**Assigned task**
In your copy of the data, keep every word exact and include no pictures.
*** Data ***
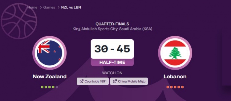 8月15日訊 男籃亞洲杯1/4決賽,新西蘭隊上半場(chǎng)30-45落后黎巴嫩隊。
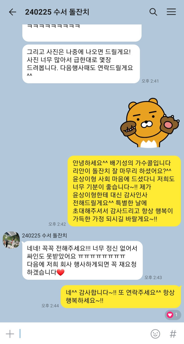 소중한 아이의 첫번째 생일때 초대해주셔서 감사드리고 항상 행복한 가정되시길 바랄게요^^
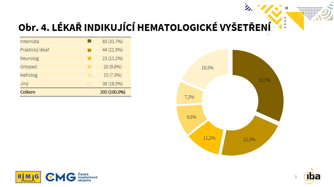 Kromě svého praktického lékaře pacienti pro své obtíže nejčastěji navštívili nebo byli odesláni k internistovi, ortopedovi, neurologovi nebo nefrologovi. Lékařem indikujícím hematologické vyšetření pro podezření na MM byl nejčastěji internista a to u 65 (31,7 %) nemocných, následovali praktický lékař, neurolog a ortoped (viz Obr. 4).
*** End of Data ***
**Answer box**
 8月15日訊 男籃亞洲杯1/4決賽,新西蘭隊上半場(chǎng)30-45落后黎巴嫩隊。
 소중한 아이의 첫번째 생일때 초대해주셔서 감사드리고 항상 행복한 가정되시길 바랄게요^^
 Kromě svého praktického lékaře pacienti pro své obtíže nejčastěji navštívili nebo byli odesláni k internistovi, ortopedovi, neurologovi nebo nefrologovi. Lékařem indikujícím hematologické vyšetření pro podezření na MM byl nejčastěji internista a to u 65 (31,7 %) nemocných, následovali praktický lékař, neurolog a ortoped (viz Obr. 4).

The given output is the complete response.